= Little Neck Hospital =

Former hospital in Queens, New York

Little Neck Hospital, also known as Little Neck Community Hospital, Deepdale Hospital, and Deepdale General Hospital all referred to a 185-bed facility at the same address on Little Neck Parkway in Little Neck, Queens, New York City. It opened in 1959 as Deepdale, was renamed in 1991, and closed in 1996. By the time it closed, this hospital was operating as a division of Flushing Hospital Medical Center; the latter was acquired by New York Hospital in April 1996.

==History==
Deepdale, which opened in 1959, had a program for training nursing students from a local college.
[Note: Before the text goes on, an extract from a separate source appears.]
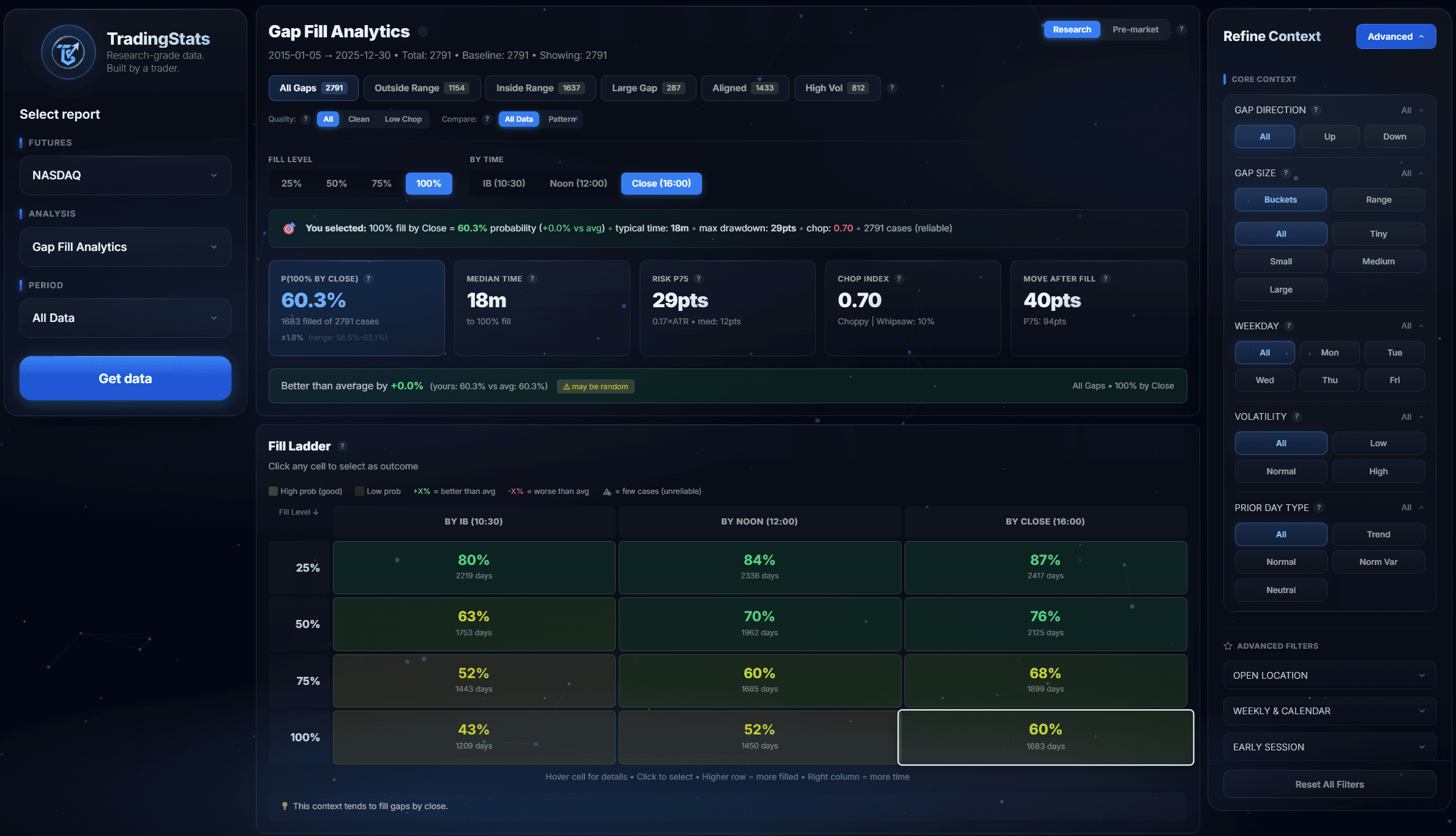 All the gap fill statistics in this article come from our Gap Fill Analytics tool. It runs these calculations for NQ, ES, and other futures instruments with filters for every factor discussed above — gap size, direction, open location, day of week, volatility regime, and more.

The hospital was bought by Preferred Health Network in 1991, and in 1993 New York State's Department of Health made it known that it was planning on "eventually closing Deepdale." The hospital closed in 1996, and its building was purchased in 1999 for conversion into an assisted living facility.

==Controversy==
They were fined after being charged by New York State's Attorney General with illegally overcharging patients for telephone service. The accusation said it was a "deceptive and unconscionable
business act." A larger fine was imposed for two situations involving "improper medical procedures" (both fatal).

In 1973, a nearly two hour power loss was compounded because "its emergency generator was inoperative and the Fire Department was called to provide a portable power supply."